* **TASK GOAL**:
In the data below, set down exactly the lines from the one containing "Párty závěs s" up to and including the one containing "Pulsamos en esa". Leave the pictures out.

* **RECORDS**:

# # # # #

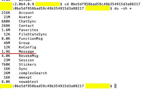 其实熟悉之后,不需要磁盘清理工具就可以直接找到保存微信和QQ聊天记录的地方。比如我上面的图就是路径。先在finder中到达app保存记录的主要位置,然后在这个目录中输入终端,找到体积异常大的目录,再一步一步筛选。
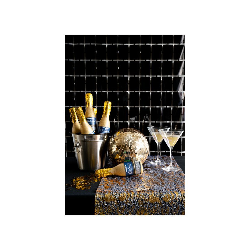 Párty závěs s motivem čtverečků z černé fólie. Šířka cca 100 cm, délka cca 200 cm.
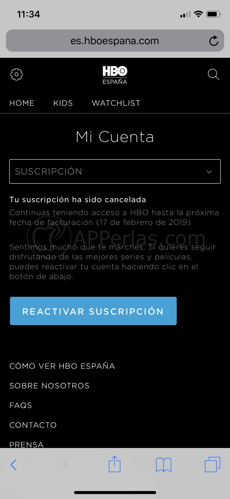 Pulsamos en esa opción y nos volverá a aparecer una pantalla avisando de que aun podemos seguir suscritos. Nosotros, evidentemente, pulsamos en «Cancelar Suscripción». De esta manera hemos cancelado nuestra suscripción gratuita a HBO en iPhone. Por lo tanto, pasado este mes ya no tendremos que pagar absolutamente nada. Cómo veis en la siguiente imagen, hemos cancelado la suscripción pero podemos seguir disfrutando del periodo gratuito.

# # # # #

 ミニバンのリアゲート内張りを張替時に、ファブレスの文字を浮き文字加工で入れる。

# # # # #

* **TASK SOLUTION**:
 Párty závěs s motivem čtverečků z černé fólie. Šířka cca 100 cm, délka cca 200 cm.
 Pulsamos en esa opción y nos volverá a aparecer una pantalla avisando de que aun podemos seguir suscritos. Nosotros, evidentemente, pulsamos en «Cancelar Suscripción». De esta manera hemos cancelado nuestra suscripción gratuita a HBO en iPhone. Por lo tanto, pasado este mes ya no tendremos que pagar absolutamente nada. Cómo veis en la siguiente imagen, hemos cancelado la suscripción pero podemos seguir disfrutando del periodo gratuito.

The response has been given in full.